Since we have the state LUT already, and since it's indexed by the Hilbert index's keys rather than X and Y, I think it would probably be possible to also use the same LUT to also hep accelerate the inverse transformation. Any ideas?

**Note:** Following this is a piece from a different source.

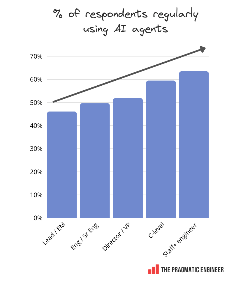 A common arrangement in the survey is the split-screen setup: a terminal with Claude Code open to drive work, and an IDE also open to review changes made by the agent. The tools mentioned by those who regularly use AI agents split almost identically to the broader survey results: Staff+ engineers are the heaviest users of agents. Here’s the data on agent usage by experience level: This data point is slightly amusing because it shows there’s not much difference between the lowest and highest levels: 46% of leads and engineering managers say they use AI agents regularly, while for Staff+ engineers it’s 63%. Does it suggest the most experienced engineers are also the most curious? The more someone uses AI, the more they also use AI agents. We segmented the data by the percentage of software engineering work that respondents do with AI: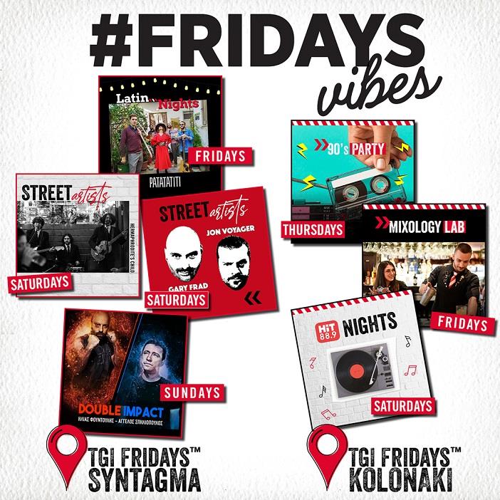 Πώς γίνεται κάθε μέρα να είναι Παρασκευή; Tα TGI Fridays™ πιστά στον σκοπό τους να μας χαρίζουν Fridays Vibes και feels ανεξαρτήτως ημέρας, δημιούργησαν μια σειρά από θεματικές βραδιές για όλο τον Οκτώβριο και τον Νοέμβριο στα καταστήματα TGI Fridays™ στο Κολωνάκι και στο Σύνταγμα. Live performances, stand-up comedy, interactive bartending και όχι μόνο, συνθέτουν την πιο cool ατζέντα της πόλης.

becheran commented 3 years ago

I am not 100% sure how you crated the state LUT. But you still have 6 "free" bits in the state LUT since you only used 2 so far for the state. So one pragmatic approach could be to compute the inverser LUT and add the result in the existing LUT as well. Does this make sense?